Althans, dat is wat minister van Energie Tinne Van der Straeten (Groen) zichzelf heeft aangepraat, en wat de regering-De Croo ertoe heeft aangezet in 2021 een zeer ambitieuze waterstofstrategie te lanceren.
Verwoeste hoop
Maar in juli nam de Europese Rekenkamer een heel ander standpunt in. “Vier jaar na de publicatie van de waterstofstrategie vragen we de Commissie de realiteit onder ogen te zien”, verklaarde Stef Bloc, lid van de Rekenkamer. In een rapport bekritiseerde de financiële instelling de “onrealistische” doelstellingen van de Europese Commissie, “gedicteerd door een buitensporige politieke wil” in termen van productie en import, “zonder gebaseerd te zijn op een rigoureuze analyse”.
Daarnaast bekritiseerde de Rekenkamer het gebrek aan data over nationale overheidsfinanciering en voegde ze eraan toe dat de 18,8 miljard euro die Brussel moest uitbetalen, “verspreid was over verschillende programma’s waarvoor verschillende financieringsregels golden”, wat het leven van projectontwikkelaars niet eenvoudiger maakte. Het enige waar de Europese Commissie een pluim voor kreeg, was haar regelgevend werk. Groene waterstof had een goed wettelijk kader, maar was nog geen winstgevende technologie.
In België deed de CREG er nog een schepje bovenop. De federale energieregulator omschreef de ambities van de Europese Commissie als “zeer hoog, zelfs te hoog”. Ze bekritiseerde ook de Belgische strategie, die tot doel heeft tegen 2030 20 terrawattuur (TWh) waterstof te importeren (6% van de Europese doelstellingen) en het huidige waterstofverbruik (15 TWh) te vervangen door hernieuwbare waterstof, voornamelijk voor de zware industrie.

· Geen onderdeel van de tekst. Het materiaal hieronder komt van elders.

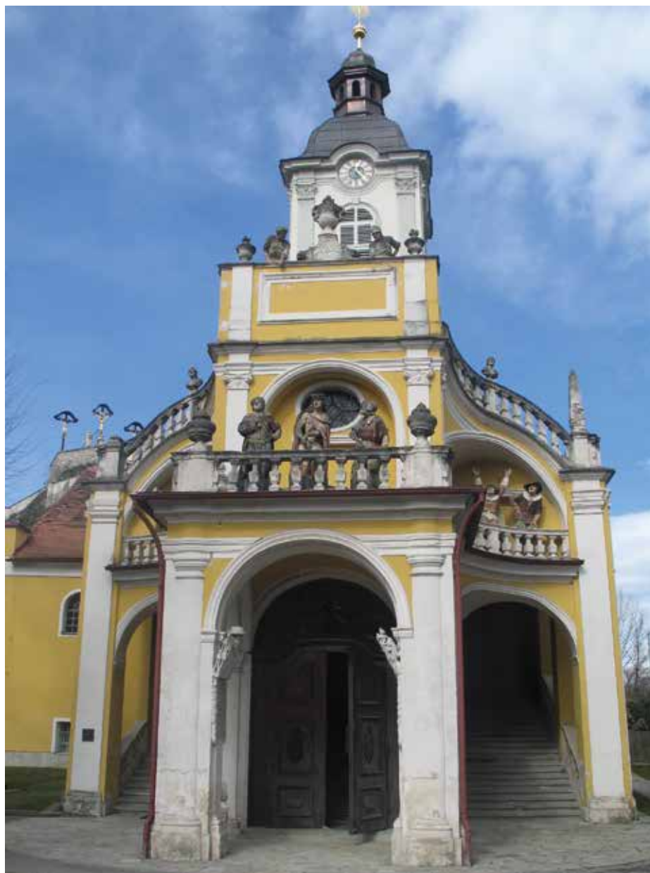
8. Graz, Kalvarienberg, Heilige Stiege , Johann Georg Stengg (?), 1718. – 1723. godine

Graz, Kalvarienberg, Heilige Stiege , Johann Georg Stengg (?), 1718–1723

Een eerste probleem: de CREG ziet de vraag niet toenemen tegen het einde van het decennium, nu de elektrificatie terrein wint op waterstof. Het tweede probleem is het risico dat de betrokken industrieën zich verplaatsen. Waarom zouden ze zich niet vestigen waar groene waterstof wordt geproduceerd? Het transport van waterstof, waarvoor het vloeibaar moet worden gemaakt, brengt veel verlies mee.
Stopgezette projecten
“Een deel van het probleem is de vraag. De Europese Commissie zag overal mogelijkheden voor waterstof. Voor boten, auto’s en zelfs verwarming. Dat zal allemaal niet gebeuren”, zegt Damien Ernst, professor elektromechanica aan de Universiteit van Luik. “De waterstofmarkt in Europa zal niet noodzakelijkerwijs groeien. De Europese Unie faalt volledig in haar waterstofbeleid.”
In een aantal gevallen kiezen projectontwikkelaars ervoor hun kosten te verlagen. Drie weken geleden stopte het Deense energiebedrijf Ørsted met zijn productiesite voor groene waterstof in de buurt van Kopenhagen. Een paar dagen later werd de aanleg van de pijpleiding tussen Denemarken en Duitsland met enkele jaren uitgesteld.
De Europese Commissie zag overal mogelijkheden voor waterstof. Voor boten, auto’s en zelfs verwarming. Dat zal allemaal niet gebeuren
Damien Ernst,
Universiteit van Luik
In de afgelopen weken hebben de Europese giganten Equinor, Shell en Uniper aangekondigd dat ze grote projecten stopzetten of uitstellen. De Noorse groep heeft haar project om blauwe waterstof naar Duitsland te exporteren opgegeven vanwege financiële beperkingen en een gebrek aan vraag.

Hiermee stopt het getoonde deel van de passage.